The tuna stays tender while the rice soaks up all the briny, citrusy flavors—no dry grains here! Serve with extra lemon wedges for brightness.

Tip: For extra richness, drizzle with a little extra olive oil just before serving.

Tuna Kimchi Fried Rice

Tuna Kimchi Fried Rice

This spicy, umami-packed fried rice comes together in under 20 minutes, making it the ultimate pantry-staple weeknight hero.

Ingredients:

  • 2 cups cooked and cooled white rice (day-old works best)
  • 1 (5 oz) can tuna in water, drained
  • 1 cup chopped kimchi, plus 2 tbsp kimchi juice
  • 2 tbsp vegetable oil
  • 2 cloves garlic, minced
  • 2 tsp soy sauce
  • 1 tsp toasted sesame oil
  • 1/2 tsp sugar
  • 2 green onions, thinly sliced
  • 1 fried egg per serving (optional)

Instructions:

  1. Heat vegetable oil in a large skillet or wok over medium-high. Add garlic and cook for 30 seconds until fragrant.
  2. Add kimchi and stir-fry for 2 minutes until slightly caramelized.

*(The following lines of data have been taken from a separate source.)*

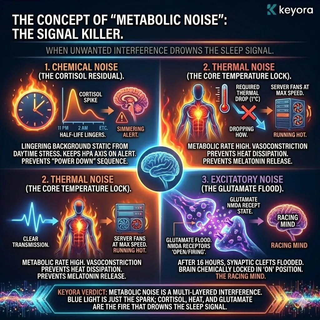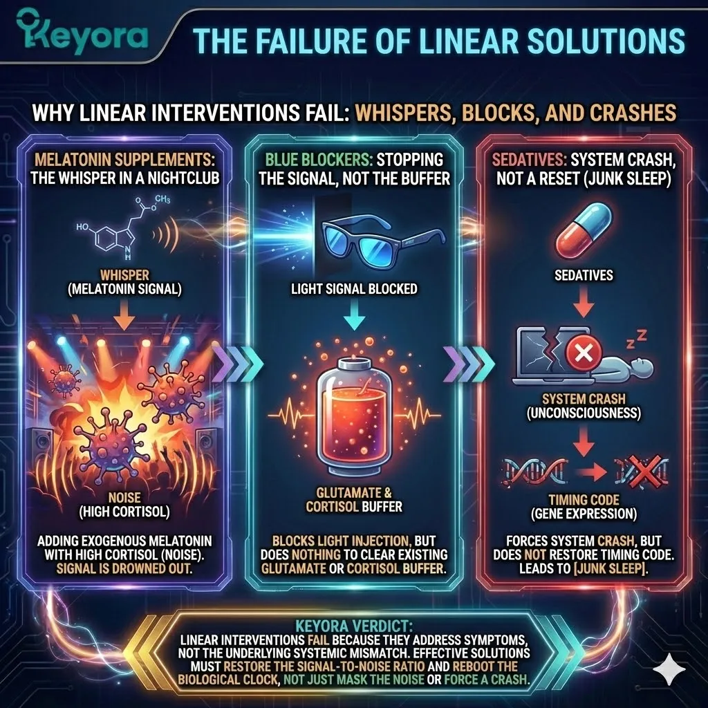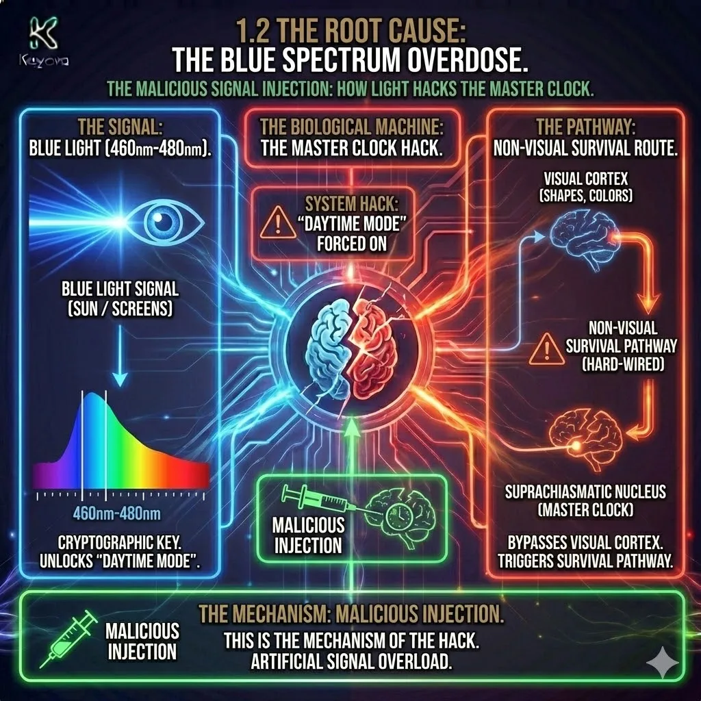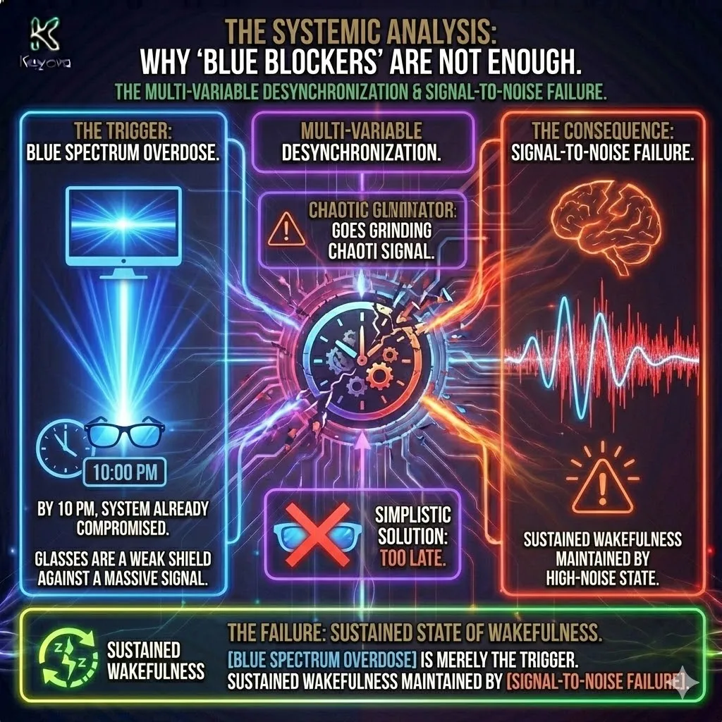 The Problem: The Blue Spectrum Overdose. The SCN believes it is noon at midnight. The “Sleep Gate” is locked.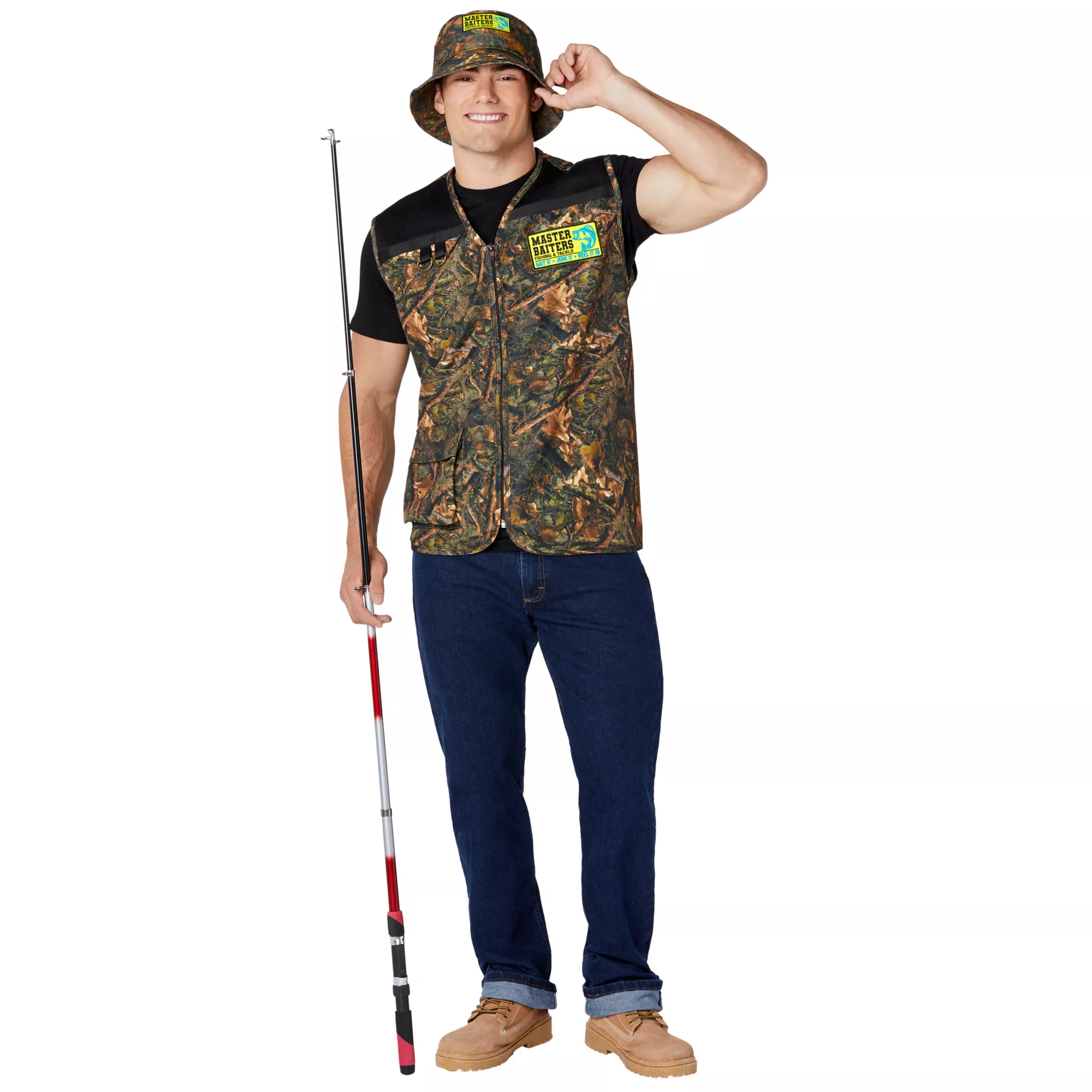 You might not catch any fish in this camouflage Master Baiters vest and bucket hat combo, but you're sure to catch a lot of laughs. This costume kit includes a relaxed camouflage bucket hat with a "Master Baiters" logo, and a matching zip-front vest with chest and back logos.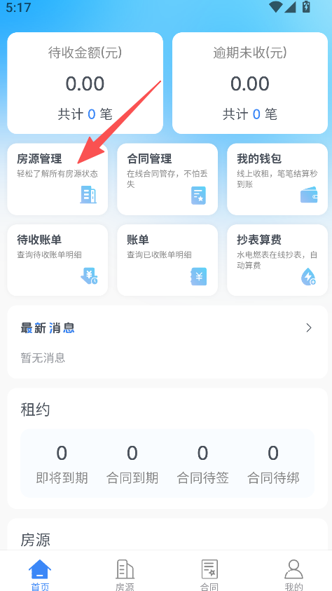 1、打开《筑小寓》,点击房源管理,进入房源板块。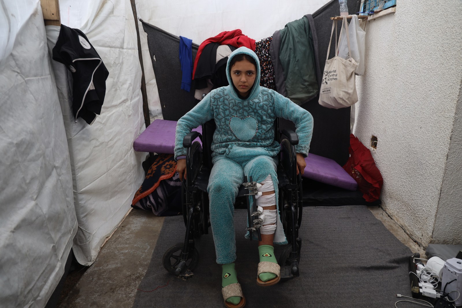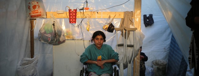 Mays,de 13 anos,sentada numa cadeira de rodas devido a uma lesão na perna,em Khan Yunis,sul de Gaza. — Foto: © UNICEF/UNI501951/El Baba

Break up tuna into chunks and add to the pan, cooking for 1 minute.
  3. Add rice, pressing it into the pan to crisp slightly. Drizzle with soy sauce, sesame oil, sugar, and kimchi juice. Toss everything for 3–4 minutes until rice is evenly coated and heated through.
  4. Fold in green onions (reserve some for garnish). Serve hot with a fried egg on top if desired.

The tangy kimchi cuts through the richness of the tuna, while crispy bits of rice add the perfect texture contrast.

Tip: For extra crunch, spread the fried rice in the pan and let it sit undisturbed for 1 minute before stirring.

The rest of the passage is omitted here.